”いぼ”と名のつくものには色々あります。
1、いぼ。正式名、尋常性疣贅(じんじょうせいゆうぜい)。
これが狭い意味での、本当のいぼです。
指先や足先、手のひら、
足の裏に良くできます。
表面がでこぼこで、
ざらざらした感じです。
ウィルスによって、
できるといわれていて、
自分自身の皮膚で
伝染する傾向があります。
他人に移ることは大変まれです。
大変再発率が高く、
切ってとっても50%、
液体窒素でとっても50%
再発するといわれています。
炭酸ガスレーザーで削る方法が
最も再発率が低く20-30%と
言われています。
しかし、現実的には
炭酸ガスレーザーで削っても、
数回の治療が必要なことが多いです。
ヨクイニンと呼ばれるハトムギ成分の
漢方薬がいぼに効果があるといわれています。
しかし、私の個人的な印象では、
ヨクイニンはあまり大人には
効かないような気がします。
2、百いぼ。正式名、皮膚線維腫。
お年寄りの頚部、くびに多くできる、
皮膚が1-2mmの大きさで
釣鐘のように飛び出したできものです。
よくネックレスなどが引っかかって
邪魔になることがあります。
いぼと呼ばれていますが、
正式ないぼとはまったく無関係で、
原因はウィルスではなく、
年齢的な皮膚の変化です。
ですから移ることもありません。
局所麻酔をして、ピンセットでつまんでとるか、
または炭酸ガスレーザーで焼きます。
3、水いぼ。正式名、伝染性軟属腫。
子供に良くできるいぼで、
1-2mmの大きさで水疱瘡のような
水を含んだ膨らみのいぼです。
体幹腹部や腕の柔らかい部分に
できやすく、複数で発生します。
この水いぼはウィルスによって
できるといわれていて、
他の子供に移る事があります。
水いぼセッシと呼ばれる特殊な
ピンセットでつまんでとります。
やわらかいものなので、
痛むことなく簡単に取れます。
この水いぼには、ヨクイニンが良く効くので、
内服の併用で発生を抑えることが可能です。
4、老人性いぼ。
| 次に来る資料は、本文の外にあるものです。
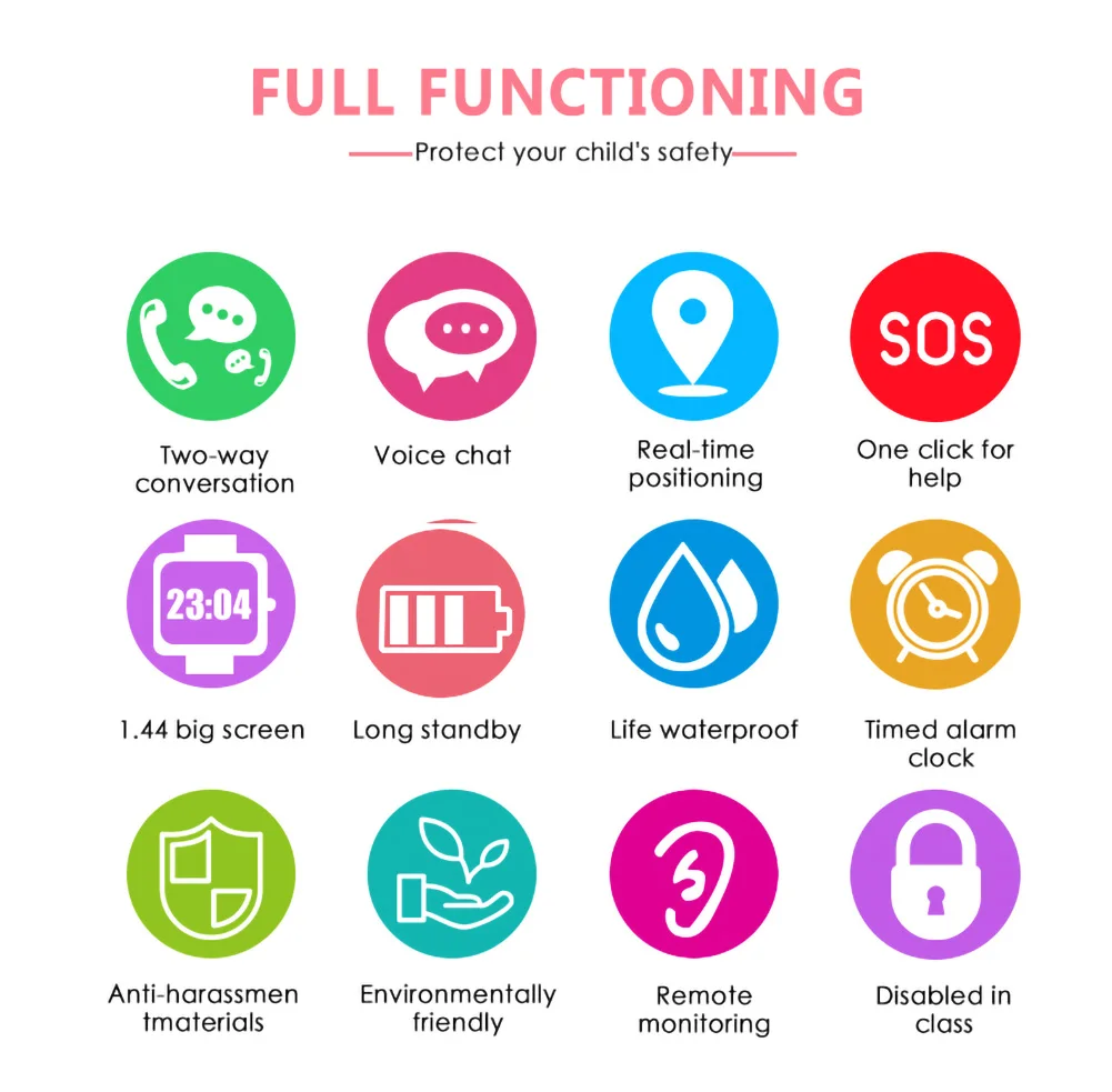 Аварийная сигнализация SOS, удаленное отключение, Безопасная зона, сигнализация с низкой батареей, голосовой мониторинг, историческая дорожка, голосовая связь, награда любви, будильник часов
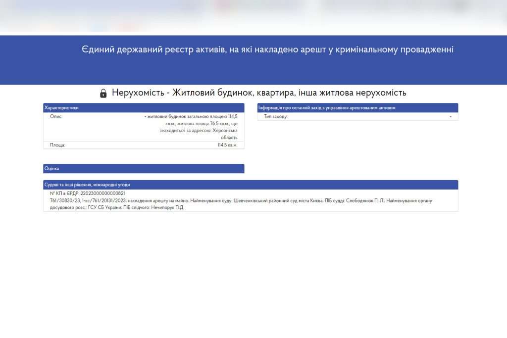 Про це свідчить інформація з Єдиного державного реєстру активів, на які накладено арешт у кримінальному провадженні.
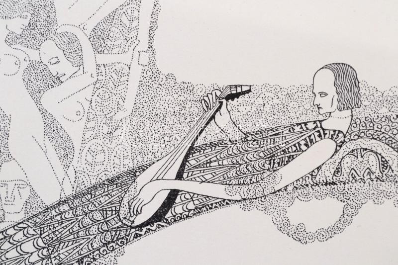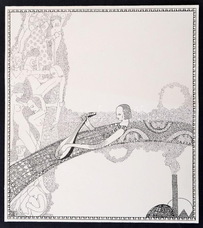 Leírás: Kozma Lajos (1884-1948): Álom, cinkográfia, papír, jelzett a cinkográfián, 18×16,5 cm

正式名、脂漏性角化症。
お年寄りの顔、特に頬外側、
こめかみや生え際に、
数ミリから1センチほどの
少し盛り上がった
茶色のシミに似た病変です。
角質が厚くなった状態なので
別名、老人性角化腫とも呼ばれています。
局所麻酔をして、炭酸ガスレーザーで削ることで、
比較的簡単に取る事が可能です。